Katie Bowler Young will be the Featured Poet at the Nexus Poet’s Poetry Open Mike at 7:30 p.m., Tuesday, June 5 at the Arts and Wellness Center located at 919 Broad St in New Bern.
Katie Bowler Young, author of State Street (Bull City Press, 2009), will read from her recently finished manuscript Through Water with Ease, about Hurricane Katrina and the loss and restoration of home and homeland. Katie will also read from her new literary montage, The Anthropologist, which is part poetry, prose, drama, letter, and even road signage, connecting a year-long road journey across North America, acts of storytelling, bicycling, higher education, and the U.S. prison system. It is framed by a dialogue between a poet and an anthropologist.
Kentucky poet Maurice Manning described Katie’s State Street this way. “A house with a tricycle perched on its roof.
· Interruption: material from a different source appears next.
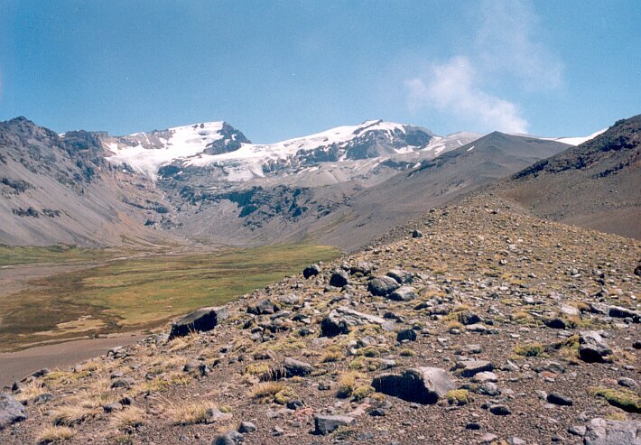 Después de andar más o menos 3 km se comienza a disfrutar de una vista majestuosa del Volcán Peteroa y cerros vecinos.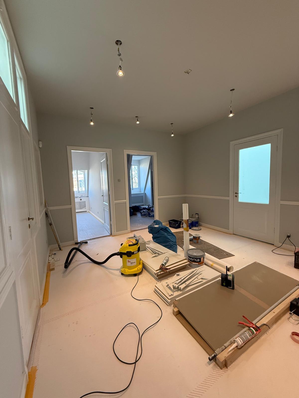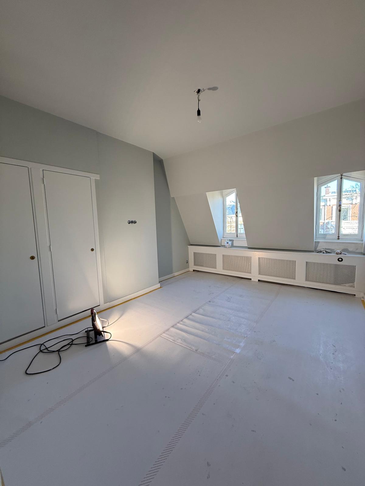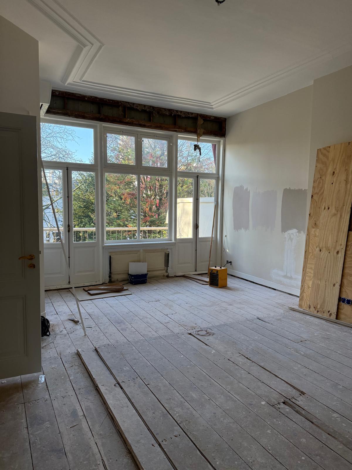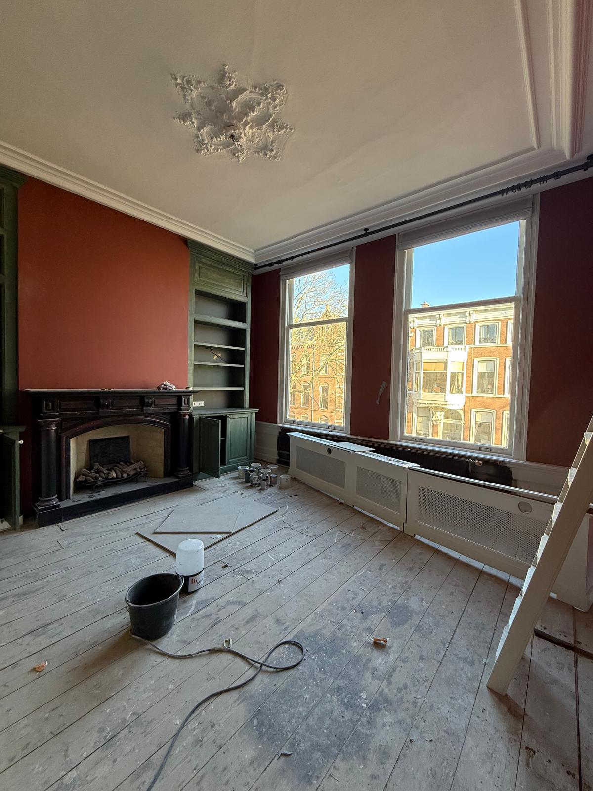 Je ziet hier een renovatie van begin tot eind. Van sloopwerk en kale ruimtes tot strak afgewerkte vertrekken. De vloeren zijn volledig aangepakt met nieuwe onderlagen en een visgraat parketvloer. Wanden en plafonds zijn hersteld en strak afgewerkt met spuitwerk uit eigen werkplaats. Ornamenten, hoge plafonds en klassieke details zijn behouden en opnieuw tot hun recht gebracht.

A man whose life’s work lies stuffed into garbage bags. ‘In the middle of this little hell,’ Katie Bowler tells us, ‘I find a photo of a banjo.’ These are the rare, unbroken things suddenly turned to relics, haunting proof that New Orleans remains a living city. State Street is a poem of beautiful rage and sorrow; it is also in its very making a poem of defiant hope.”
Katie is also author of Enrique Alférez: His Life and Art (forthcoming, The Historic New Orleans Collection). She has published poetry and prose in The Southern Review, Carolina Quarterly, The Arkansas Review: A Journal of Delta Studies, Louisiana Literature, and other literary journals, magazines, and newspapers. Katie is director of global relations at the University of North Carolina at Chapel Hill, where she also leads an internship program in which students produce Carolina Passport, a magazine about international education.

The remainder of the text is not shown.